### To do
Work through the listing below and give again exactly the lines from the one with "这是2021年3月17日,运" to the one with "You can select", both ends included. All other lines and all pictures stay out.

### Data shown

--------------------------------------------------

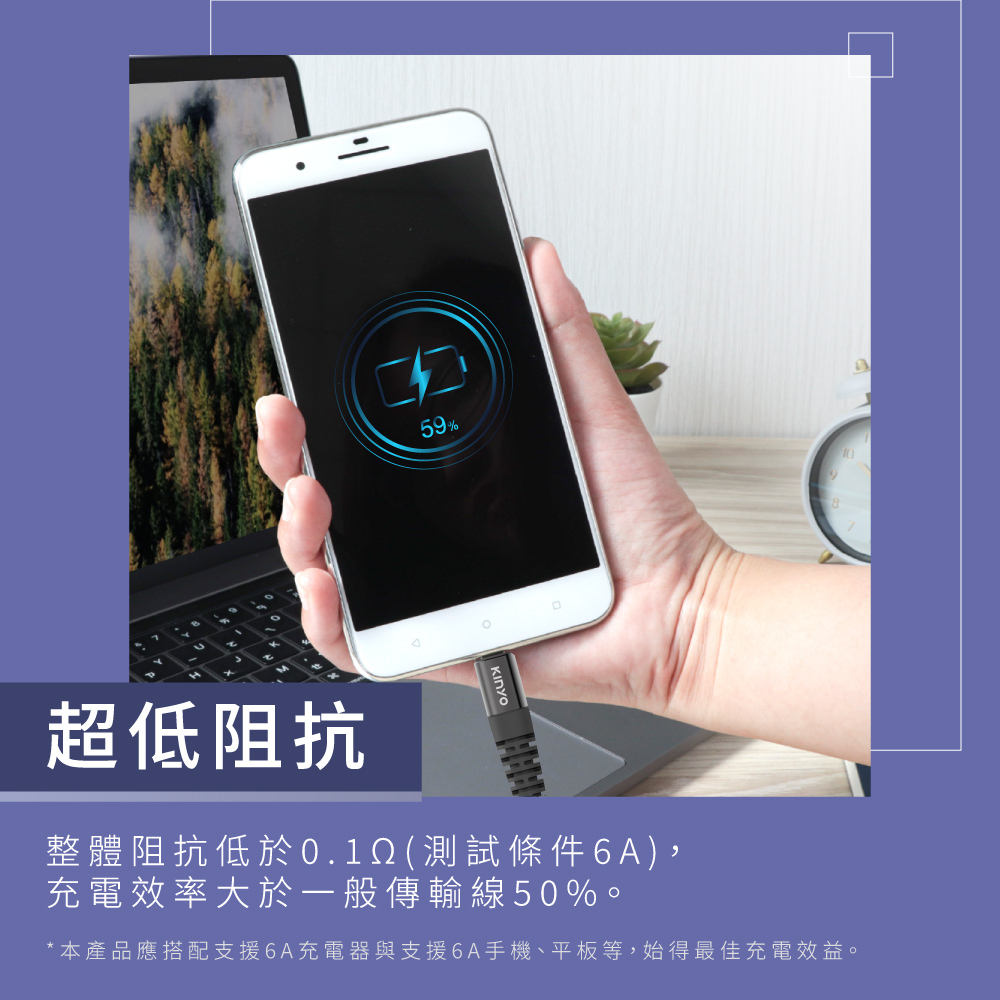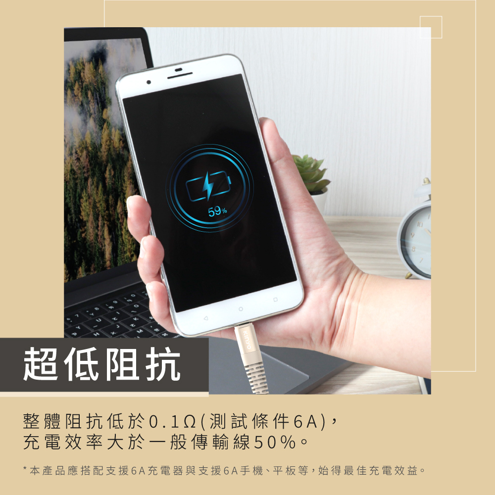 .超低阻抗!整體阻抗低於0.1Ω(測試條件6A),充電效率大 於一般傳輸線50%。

--------------------------------------------------

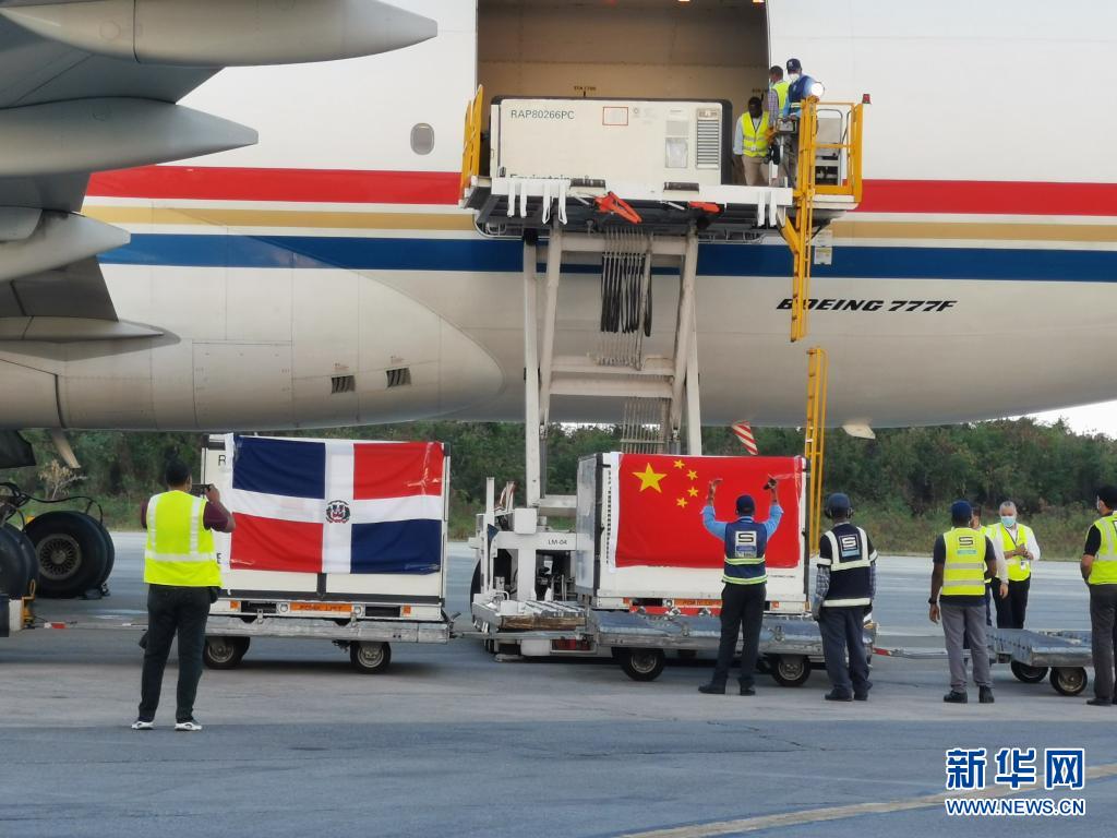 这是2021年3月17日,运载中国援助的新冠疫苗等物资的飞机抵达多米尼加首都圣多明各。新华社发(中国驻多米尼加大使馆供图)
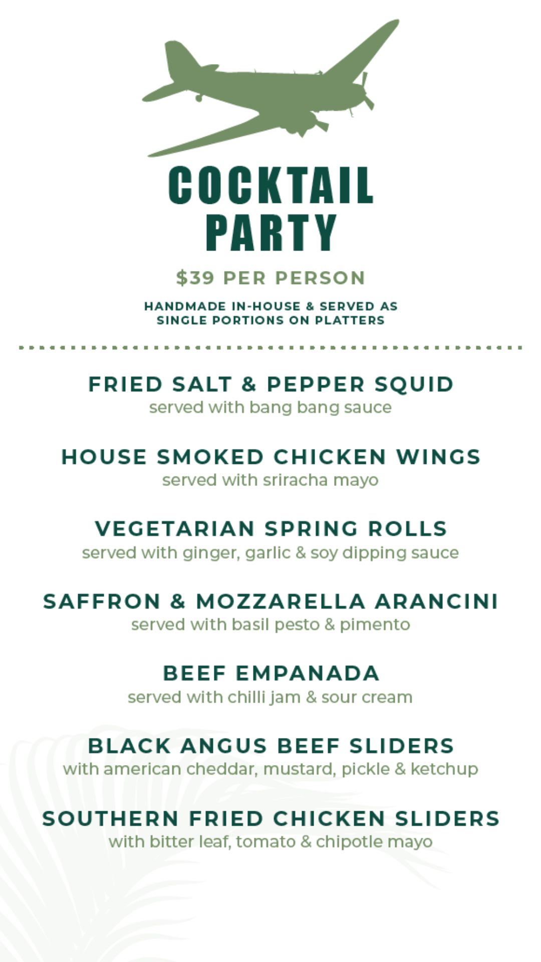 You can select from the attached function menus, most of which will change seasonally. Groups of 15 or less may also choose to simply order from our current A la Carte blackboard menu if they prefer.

--------------------------------------------------

### Solution for this task
 这是2021年3月17日,运载中国援助的新冠疫苗等物资的飞机抵达多米尼加首都圣多明各。新华社发(中国驻多米尼加大使馆供图)
 You can select from the attached function menus, most of which will change seasonally. Groups of 15 or less may also choose to simply order from our current A la Carte blackboard menu if they prefer.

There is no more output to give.